**SUPPLIED DATA**:
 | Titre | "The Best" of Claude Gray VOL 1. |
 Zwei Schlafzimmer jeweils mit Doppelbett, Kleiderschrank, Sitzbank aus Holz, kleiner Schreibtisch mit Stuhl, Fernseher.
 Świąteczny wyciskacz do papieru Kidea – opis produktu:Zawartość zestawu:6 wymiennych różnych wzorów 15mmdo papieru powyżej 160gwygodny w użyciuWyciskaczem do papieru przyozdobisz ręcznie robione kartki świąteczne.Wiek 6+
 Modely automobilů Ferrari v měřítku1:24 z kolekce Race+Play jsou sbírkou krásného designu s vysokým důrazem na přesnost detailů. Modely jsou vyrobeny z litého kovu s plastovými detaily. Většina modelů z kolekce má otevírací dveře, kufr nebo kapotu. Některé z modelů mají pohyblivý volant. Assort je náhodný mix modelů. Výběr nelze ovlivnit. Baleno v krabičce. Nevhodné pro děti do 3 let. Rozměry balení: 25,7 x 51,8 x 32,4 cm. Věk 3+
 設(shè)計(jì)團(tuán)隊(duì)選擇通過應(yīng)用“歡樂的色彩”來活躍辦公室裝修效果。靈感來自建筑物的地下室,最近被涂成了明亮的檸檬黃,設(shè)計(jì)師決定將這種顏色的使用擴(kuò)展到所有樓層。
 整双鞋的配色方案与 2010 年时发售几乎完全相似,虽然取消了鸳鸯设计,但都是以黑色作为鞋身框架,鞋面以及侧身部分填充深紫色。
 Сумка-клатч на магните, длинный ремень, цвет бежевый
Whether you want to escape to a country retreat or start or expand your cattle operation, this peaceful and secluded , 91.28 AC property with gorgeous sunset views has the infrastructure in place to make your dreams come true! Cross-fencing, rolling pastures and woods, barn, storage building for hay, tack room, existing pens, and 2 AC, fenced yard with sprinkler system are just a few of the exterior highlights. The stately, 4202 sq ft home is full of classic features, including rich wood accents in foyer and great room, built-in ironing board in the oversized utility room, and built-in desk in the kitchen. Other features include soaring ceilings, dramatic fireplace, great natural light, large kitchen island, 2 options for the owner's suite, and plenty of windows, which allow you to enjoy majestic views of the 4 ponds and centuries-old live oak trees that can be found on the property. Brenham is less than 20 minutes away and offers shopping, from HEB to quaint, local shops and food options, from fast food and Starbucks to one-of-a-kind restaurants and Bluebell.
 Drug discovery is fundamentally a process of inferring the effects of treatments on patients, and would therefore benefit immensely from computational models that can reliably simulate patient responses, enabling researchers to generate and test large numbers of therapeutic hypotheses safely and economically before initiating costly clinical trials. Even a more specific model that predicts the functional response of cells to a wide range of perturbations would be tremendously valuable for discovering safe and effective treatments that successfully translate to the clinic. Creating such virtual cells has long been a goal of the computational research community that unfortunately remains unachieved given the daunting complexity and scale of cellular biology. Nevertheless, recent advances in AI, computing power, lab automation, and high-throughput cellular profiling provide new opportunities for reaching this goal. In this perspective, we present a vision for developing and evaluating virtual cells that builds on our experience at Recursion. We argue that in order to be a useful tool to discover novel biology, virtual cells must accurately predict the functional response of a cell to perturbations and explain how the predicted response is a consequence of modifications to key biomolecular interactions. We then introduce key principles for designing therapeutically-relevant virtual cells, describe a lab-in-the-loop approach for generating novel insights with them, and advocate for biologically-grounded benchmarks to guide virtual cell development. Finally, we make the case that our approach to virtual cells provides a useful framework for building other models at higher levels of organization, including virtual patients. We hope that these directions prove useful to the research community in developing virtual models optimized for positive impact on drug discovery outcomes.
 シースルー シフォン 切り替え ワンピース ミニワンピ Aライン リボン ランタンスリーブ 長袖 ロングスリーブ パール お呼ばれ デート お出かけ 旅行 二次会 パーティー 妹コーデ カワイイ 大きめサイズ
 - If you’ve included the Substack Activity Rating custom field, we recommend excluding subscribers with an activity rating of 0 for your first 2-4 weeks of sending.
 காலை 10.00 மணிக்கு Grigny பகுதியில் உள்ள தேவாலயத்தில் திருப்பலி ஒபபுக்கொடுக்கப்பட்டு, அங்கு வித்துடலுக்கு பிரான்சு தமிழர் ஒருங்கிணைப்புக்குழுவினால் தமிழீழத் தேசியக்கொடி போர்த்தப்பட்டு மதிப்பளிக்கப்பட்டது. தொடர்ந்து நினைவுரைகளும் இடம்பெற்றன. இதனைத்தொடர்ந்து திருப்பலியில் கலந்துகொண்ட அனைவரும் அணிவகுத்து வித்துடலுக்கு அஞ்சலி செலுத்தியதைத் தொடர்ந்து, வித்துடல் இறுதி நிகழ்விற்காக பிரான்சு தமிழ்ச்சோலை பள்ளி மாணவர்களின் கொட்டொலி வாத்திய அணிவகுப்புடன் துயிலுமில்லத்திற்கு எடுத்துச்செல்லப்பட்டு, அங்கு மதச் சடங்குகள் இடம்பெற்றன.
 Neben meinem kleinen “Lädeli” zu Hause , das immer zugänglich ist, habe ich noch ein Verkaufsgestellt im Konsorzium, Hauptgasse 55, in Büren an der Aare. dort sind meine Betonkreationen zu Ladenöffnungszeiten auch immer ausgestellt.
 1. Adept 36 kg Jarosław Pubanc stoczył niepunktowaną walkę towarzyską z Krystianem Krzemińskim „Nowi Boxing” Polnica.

**DESCRIPTION OF THE TASK**:
Produce only the lines from the line containing "整双鞋的配色方案与 2010 年时发售几乎完全相似,虽然取消了鸳鸯设计,但都是以黑色作为鞋身框架,鞋面以及侧身部分填充深紫色。" through the line containing "Whether you want", inclusive of both, exactly as they stand in the entries above.

**RESPONSE TO THE EXERCISE**:
 整双鞋的配色方案与 2010 年时发售几乎完全相似,虽然取消了鸳鸯设计,但都是以黑色作为鞋身框架,鞋面以及侧身部分填充深紫色。
 Сумка-клатч на магните, длинный ремень, цвет бежевый
Whether you want to escape to a country retreat or start or expand your cattle operation, this peaceful and secluded , 91.28 AC property with gorgeous sunset views has the infrastructure in place to make your dreams come true! Cross-fencing, rolling pastures and woods, barn, storage building for hay, tack room, existing pens, and 2 AC, fenced yard with sprinkler system are just a few of the exterior highlights. The stately, 4202 sq ft home is full of classic features, including rich wood accents in foyer and great room, built-in ironing board in the oversized utility room, and built-in desk in the kitchen. Other features include soaring ceilings, dramatic fireplace, great natural light, large kitchen island, 2 options for the owner's suite, and plenty of windows, which allow you to enjoy majestic views of the 4 ponds and centuries-old live oak trees that can be found on the property. Brenham is less than 20 minutes away and offers shopping, from HEB to quaint, local shops and food options, from fast food and Starbucks to one-of-a-kind restaurants and Bluebell.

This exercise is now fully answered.